Pictures are to be left out; otherwise, copy exactly the lines from the line containing "1946 - 50 lire" through the end of the data.

§

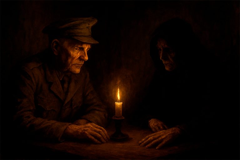 Pero esa pregunta no obtuvo respuesta. Entonces todo se volvió extrañamente negro, y una sombra atravesó el pueblo, despacio, como un rumor de hojas secas arrastrándose. Sólo pudo distinguir una silueta y el brillo de la hoja de una guadaña que cruzaban la calle.
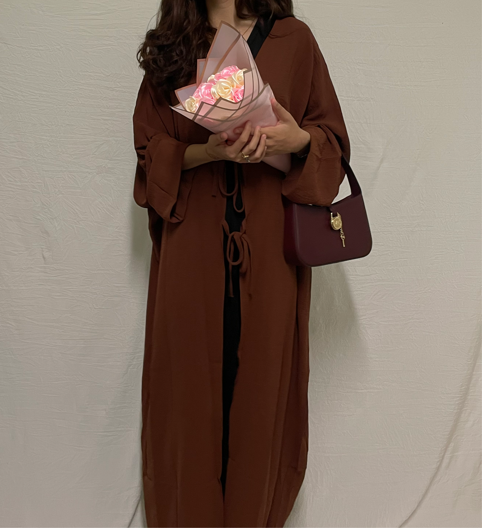 Open crepe frabic abaya with ties
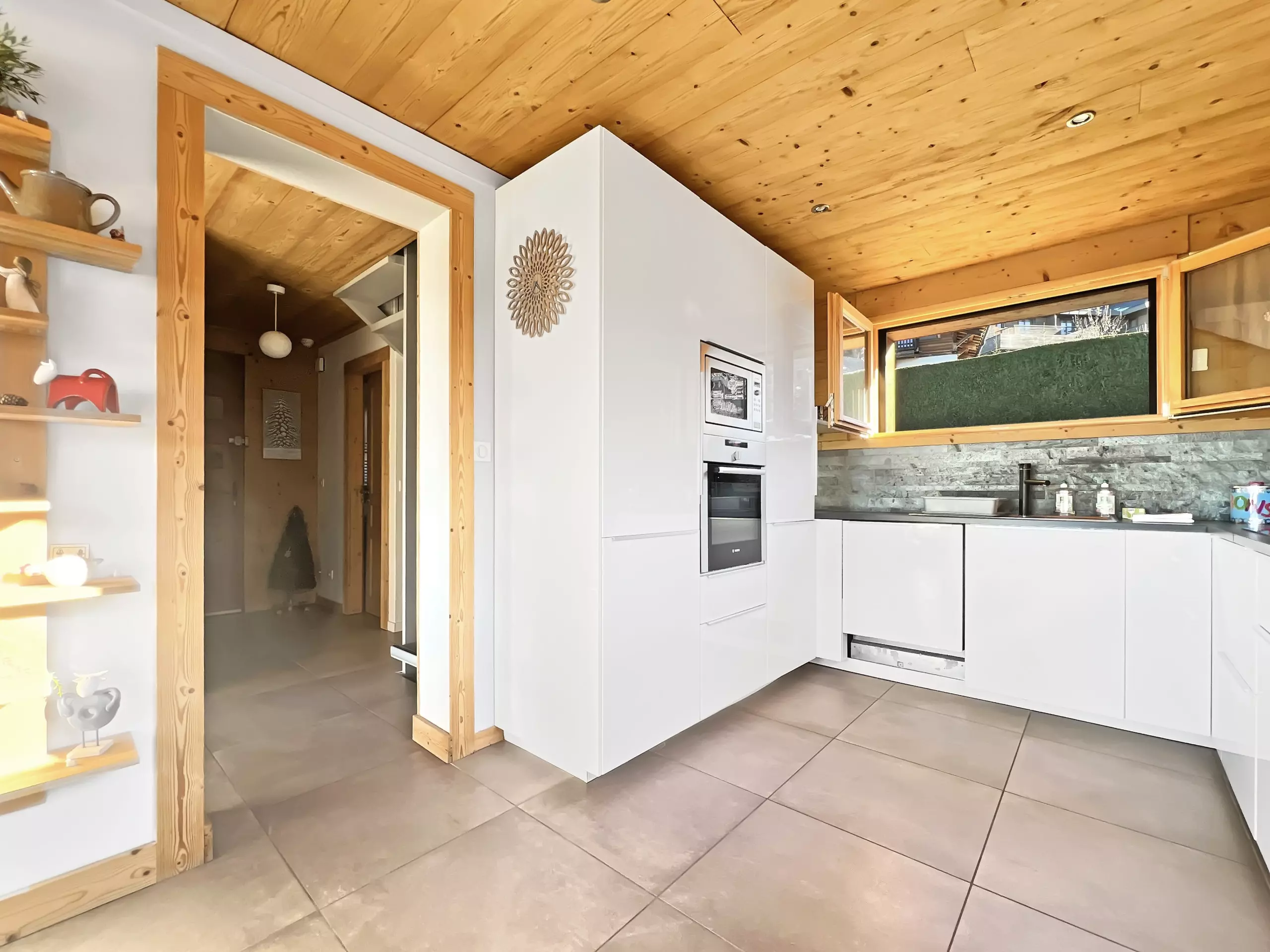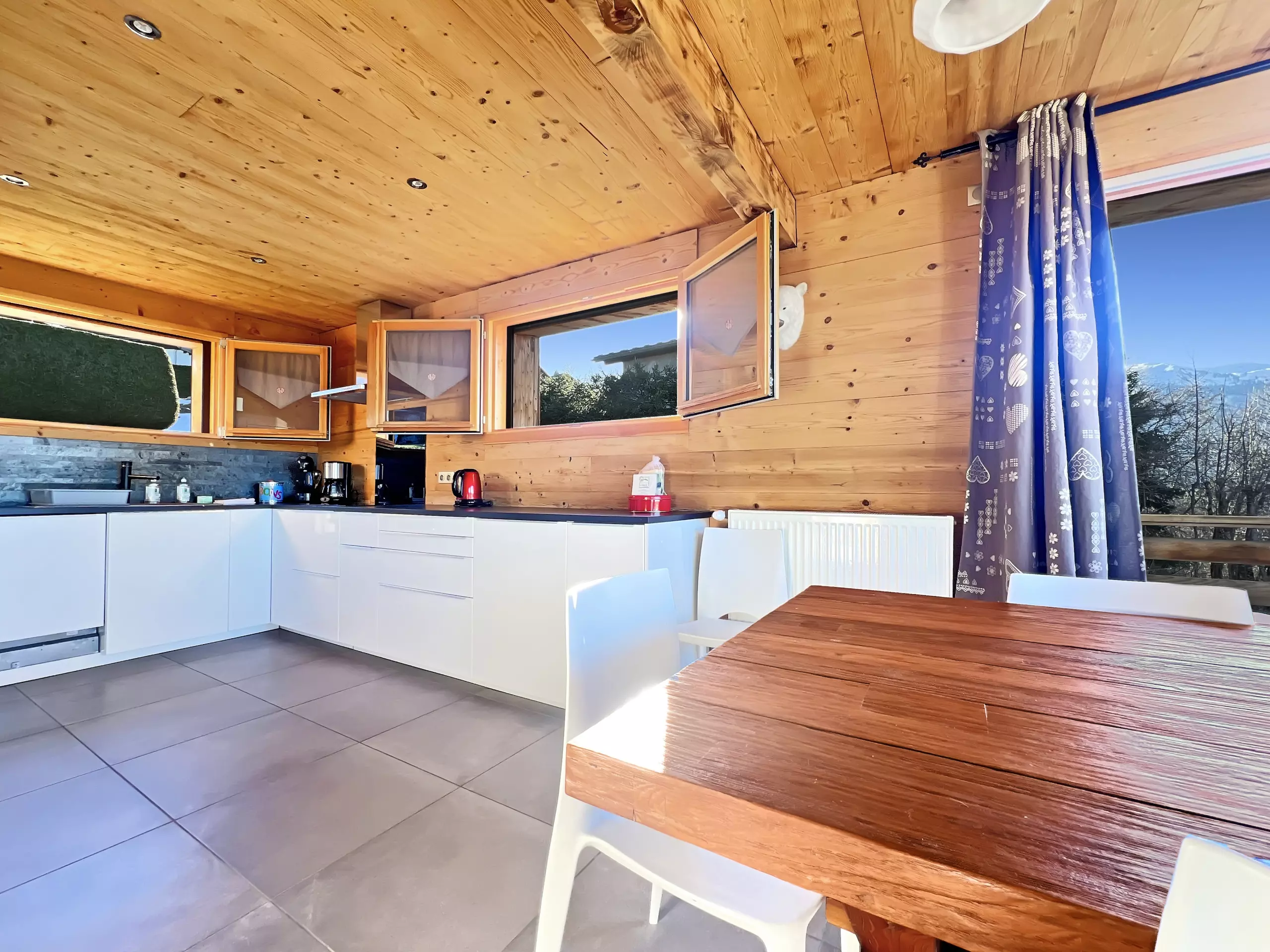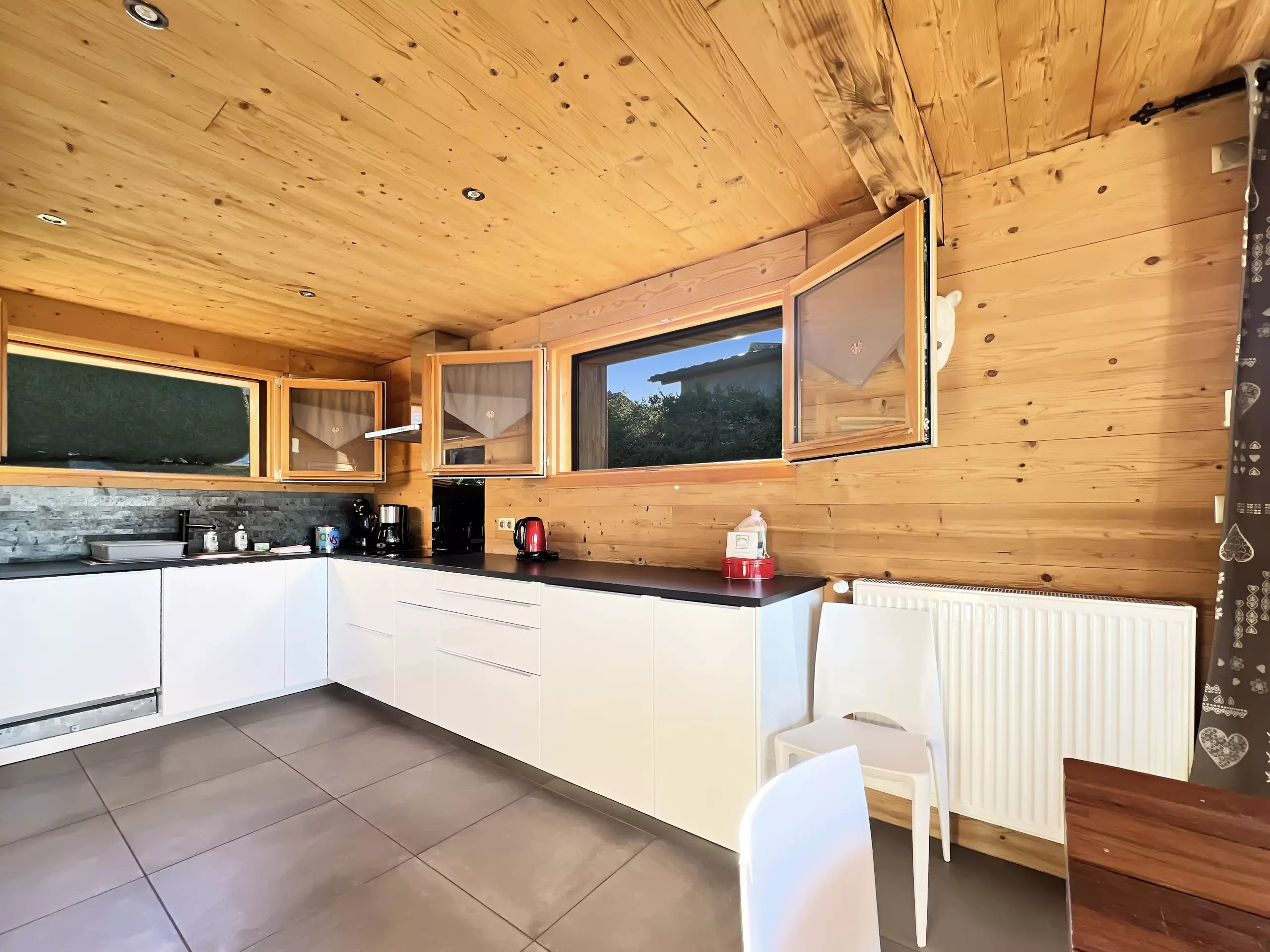 cuisine ouverte sur séjour / salon (four, micro ondes, lave vaisselle, 3 plaques induction, hotte, frigo/congèl, cafetière à filtre, Senseo, appareil à raclette, à fondue et pierrade)
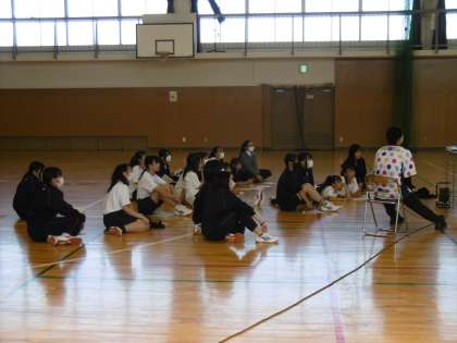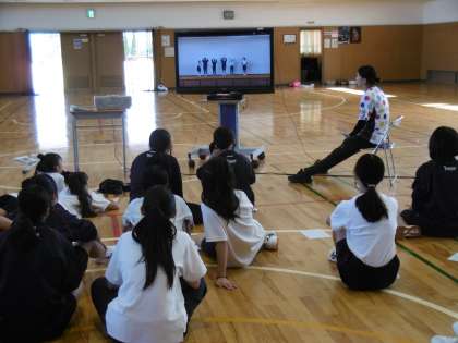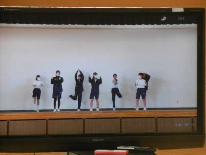 創作ダンスの発表会を動画で撮り、みんなで振り返りを行っていました。笑顔で生き生きとした表情でビデオを見ていました。一生懸命に練習してきたことが、映像を見ている様子から伺えました。
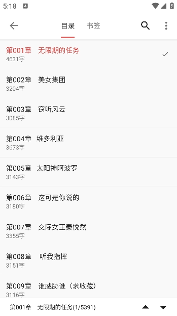 2、选择感兴趣的小说后软件将会自动进行呈现
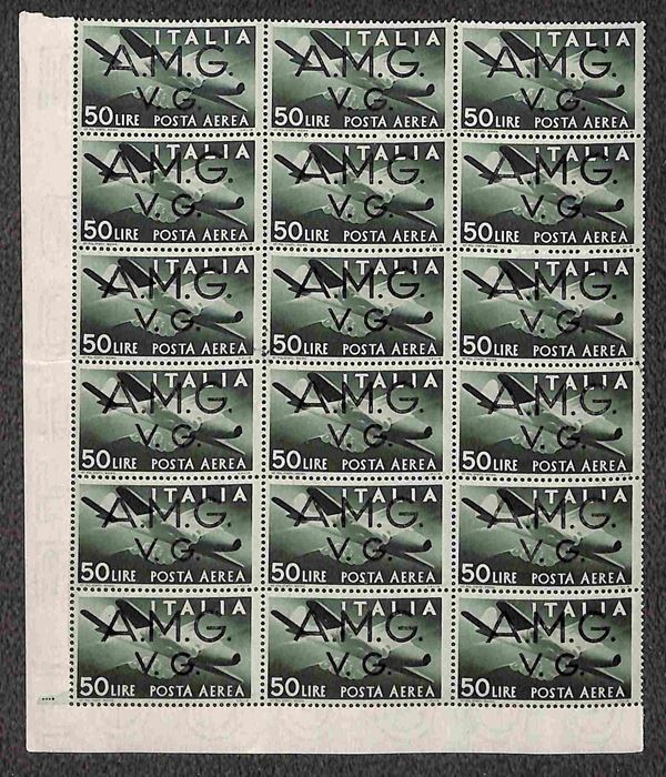1946 - 50 lire Posta Aerea (8) - blocco di 18 angolo di foglio - gomma integra
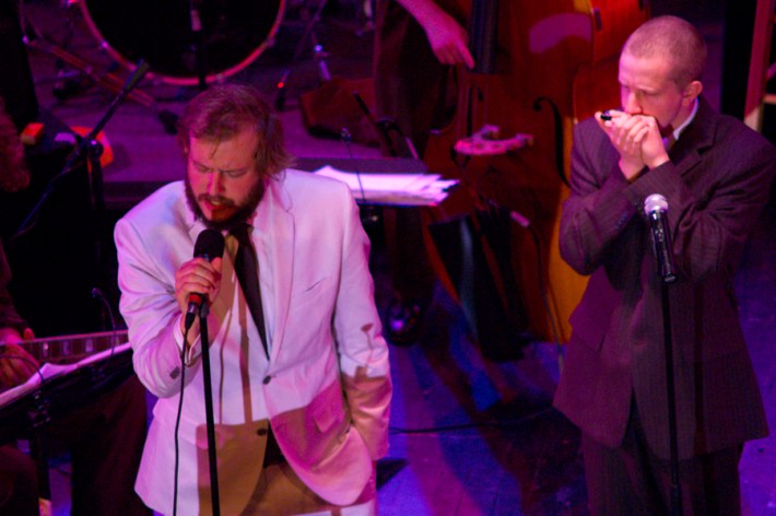 Before he was racking up kudos from Lykke Li, Lily Allen, and every music critic's year-end list, Bon Iver's Justin Vernon was a member of Eau Claire Memorial High School's jazz band. Last night the folk singer returned to his alma mater to lead present day students in new arrangements of his songs as well as standards like "Since I Fell For You" and "The Lady Is A Tramp." The local paper reports that it's the first Ensemble 1 performance to sell out. (LOL.) And the kids are gonna use last night's proceeds to attend a music competition in NYC. When my high school's most famous alumnus (Michael Crichton) returned for a visit (with Good Morning America!) it was a big deal for everyone. This looks a lot cooler.
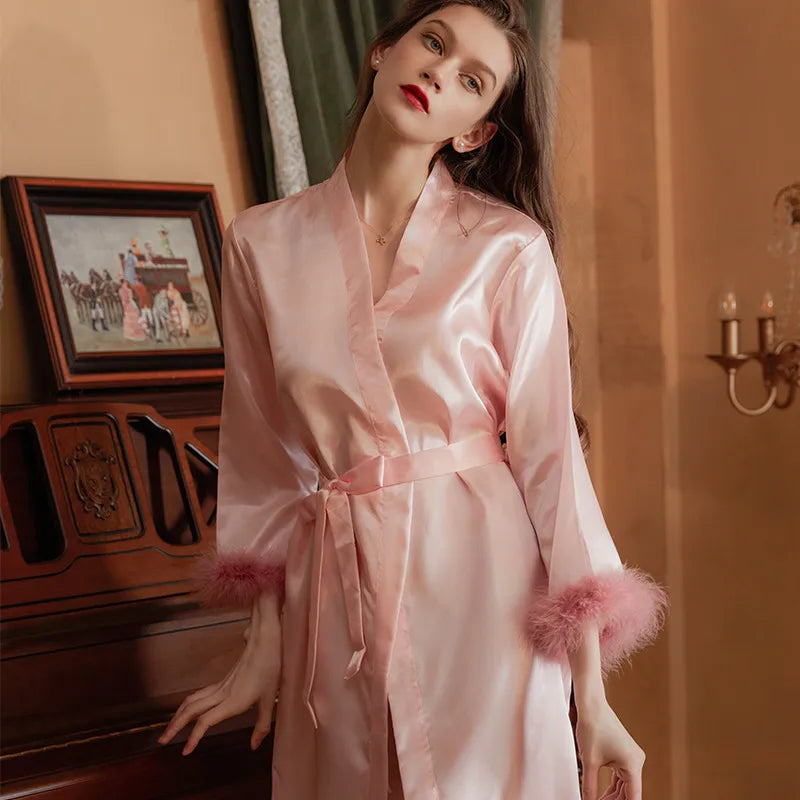 Bride Morning Robe Women's Feather Sleep Robe Wedding Makeup Bridesmaid Kimono Style Satin Bathrobe Casual Cool Home Wear

§

= RESULT OF THIS EXERCISE =
1946 - 50 lire Posta Aerea (8) - blocco di 18 angolo di foglio - gomma integra
 Before he was racking up kudos from Lykke Li, Lily Allen, and every music critic's year-end list, Bon Iver's Justin Vernon was a member of Eau Claire Memorial High School's jazz band. Last night the folk singer returned to his alma mater to lead present day students in new arrangements of his songs as well as standards like "Since I Fell For You" and "The Lady Is A Tramp." The local paper reports that it's the first Ensemble 1 performance to sell out. (LOL.) And the kids are gonna use last night's proceeds to attend a music competition in NYC. When my high school's most famous alumnus (Michael Crichton) returned for a visit (with Good Morning America!) it was a big deal for everyone. This looks a lot cooler.
 Bride Morning Robe Women's Feather Sleep Robe Wedding Makeup Bridesmaid Kimono Style Satin Bathrobe Casual Cool Home Wear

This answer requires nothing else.